Conclusion: Indicates platform diversity and competition level.


1.4 What is the average customer rating?

df %>% summarise(avg_rating = mean(rating, na.rm = TRUE))
##   avg_rating
## 1   2.996833
# Calculates mean rating

Conclusion: Reflects overall customer satisfaction on the platform.


1.5 Which cities generate the most orders?

city_orders <- df %>% count(city, sort = TRUE)

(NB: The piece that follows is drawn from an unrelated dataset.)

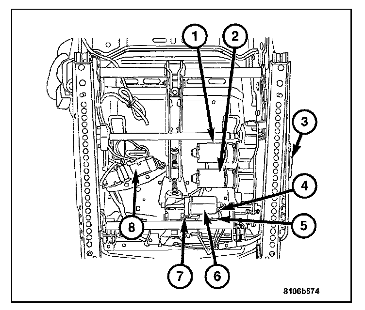 3. Remove the power seat track rear inboard and outboard attachment bolts (1).

ggplot(city_orders, aes(x = reorder(city, n), y = n)) +
  geom_bar(stat = "identity") +
  coord_flip() +
  theme_minimal()

# Orders grouped by city

Conclusion: Identifies high-demand cities driving platform usage.


2. AGGREGATION

2.1 Which restaurants have the highest average ratings?

rating_rest <- df %>%
  group_by(restaurant_name) %>%
  summarise(avg_rating = mean(rating, na.rm = TRUE)) %>%
  arrange(desc(avg_rating)) %>%
  head(10)

ggplot(rating_rest, aes(x = reorder(restaurant_name, avg_rating), y = avg_rating)) +
  geom_bar(stat = "identity") +
  coord_flip() +
  theme_minimal()

# Average rating per restaurant

Conclusion: Highlights top-performing restaurants in terms of quality.

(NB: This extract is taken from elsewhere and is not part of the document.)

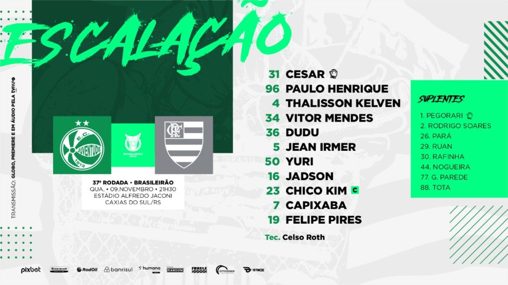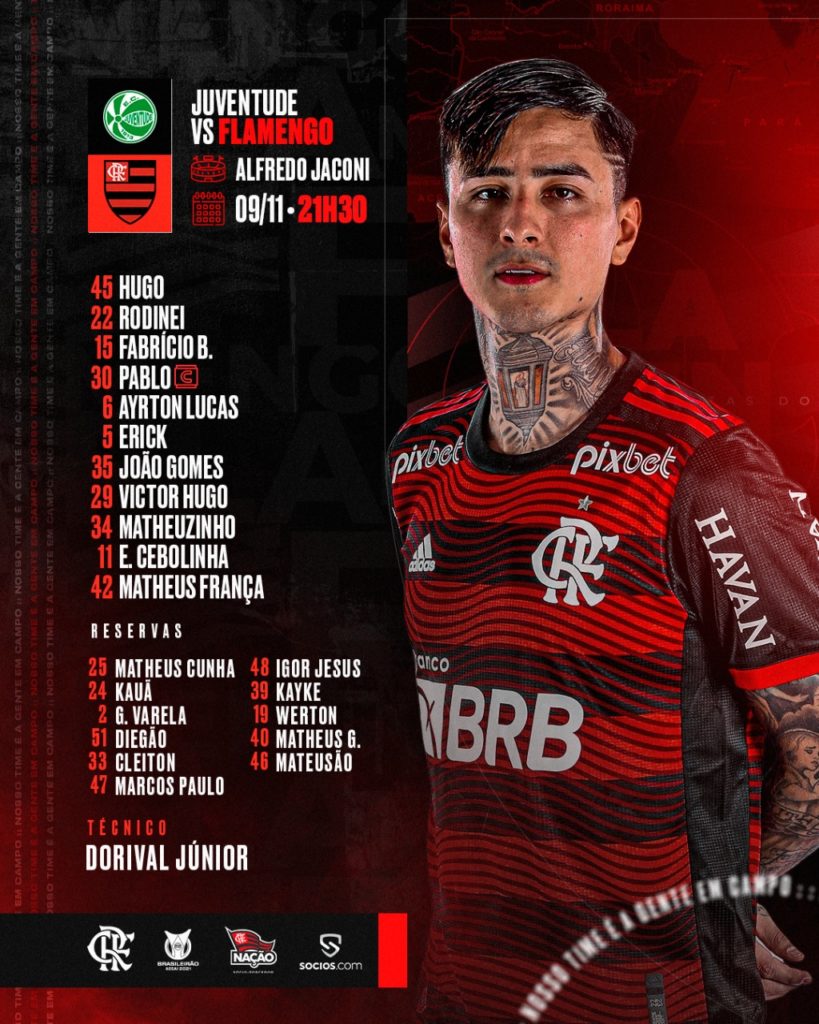 Com dois titulares, Flamengo está escalado para pegar o Juventude pelo Campeonato Brasileiro
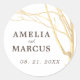Rustic Winter Tree White Script Wedding Classic Round Sticker

2.2 Which restaurant has the highest average order value?

df %>%
  group_by(restaurant_name) %>%
  summarise(avg_value = mean(order_value, na.rm = TRUE)) %>%
  arrange(desc(avg_value)) %>%
  head(1)
## # A tibble: 1 × 2
##   restaurant_name avg_value
##   <chr>               <dbl>
## 1 Pizza Hut           2453.
# Finds highest spending restaurant

Conclusion: Identifies premium restaurants with higher customer spending.


2.3 Which cities generate the most revenue?

city_revenue <- df %>%
  group_by(city) %>%
  summarise(revenue = sum(order_value, na.rm = TRUE))

ggplot(city_revenue, aes(x = reorder(city, revenue), y = revenue)) +
  geom_bar(stat = "identity") +
  coord_flip() +
  theme_minimal()

# Revenue aggregated by city

Conclusion: Shows which locations contribute most to total revenue.


2.4 Which cuisine categories generate the most revenue?

cat_revenue <- df %>%
  group_by(category) %>%
  summarise(revenue = sum(order_value, na.rm = TRUE))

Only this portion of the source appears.